In other words—just by being female, every woman can be thrown into the category of “victim” due to their membership in a purportedly oppressed societal group. Due to the rapid rise of this ideology and worldview, intersectionality has crept into the abortion issue and created a monstrous problem—even among professing conservatives and Christians.

Intersectionality has enabled the belief that women are victims of abortion regardless of their individual actions, meaning that they should not be punished for murdering a human being made in the image of God. Beginning in discussions about the tragic cases of rape and incest, the label of victim quickly became attached to every other reason for why women seek abortions. With the massive influence of the social justice narrative, this shift was natural.

The main reasons for why women have abortions have little to do with becoming pregnant against their will, but for reasons of convenience. Having a baby could dramatically change the lifestyle of the mother by interfering with education or career. In other cases, a mother may not be able to afford a baby because she is not married, is a student or planning to study, or is unemployed. Perhaps she does not want to be a single mother or does not want to have relationship problems when there is uncertainty about the father of the child.  

In all of these cases, the woman is erroneously categorized as a victim.

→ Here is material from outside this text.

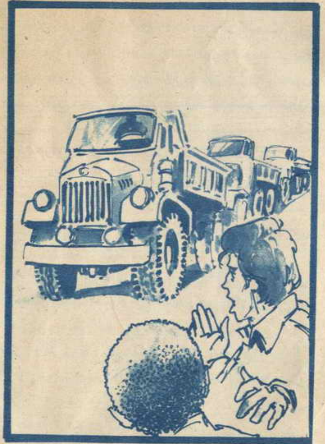
كان طابور من عربات النقل الضخمة يقف ممتداً من باب الميناء حتى مسافة بعيدة ، فقال أحمد : هذه هى تصاريح الدخول •

ابتسم الشياطين ، عندما تحركت أول عربة وهى تأخذ طريقها إلى داخل الميناء فاقتربوا من العربات ، التى كانت تتحرك فى بطء ، ثم اختفوا وتوالى دخول العربات من البوابة ، وعندما تجاوزت العربة العاشرة مكان الشرطى ، كان الشياطين قد أصبحوا فى الداخل ، فلقد قفز كل منهم إلى عربة ، واختفى بين حمولتها ، وعندما أصبحت العربات فى قلب الميناء ، ظهر الواحد بعد الآخر • وكانت هناك مجموعة بواخر ، ترسو عند الأرصفة ، فى نفس الوقت الذى كانت فيه ( الأوناش ) الضخمة تنقل البضائع من العربات إلى البواخر ••

A baby would interfere with her career, so she kills her baby. That’s a victim? There is uncertainty about the man and woman’s relationship, so she kills her baby. That’s a victim? She simply does not want to be a mother right now, so she kills her baby. That’s a victim?

She is not a victim in any of these circumstances. Even in the area of rape and incest, she is not a victim with particular respect to the choice to not have the baby—which is separate from being a victim of the rape or incest. What further shows this falsehood of victimization is the fact that for many women, abortion is even more of a deliberate choice in the face of more restrictions following the overturn of Roe v. Wade.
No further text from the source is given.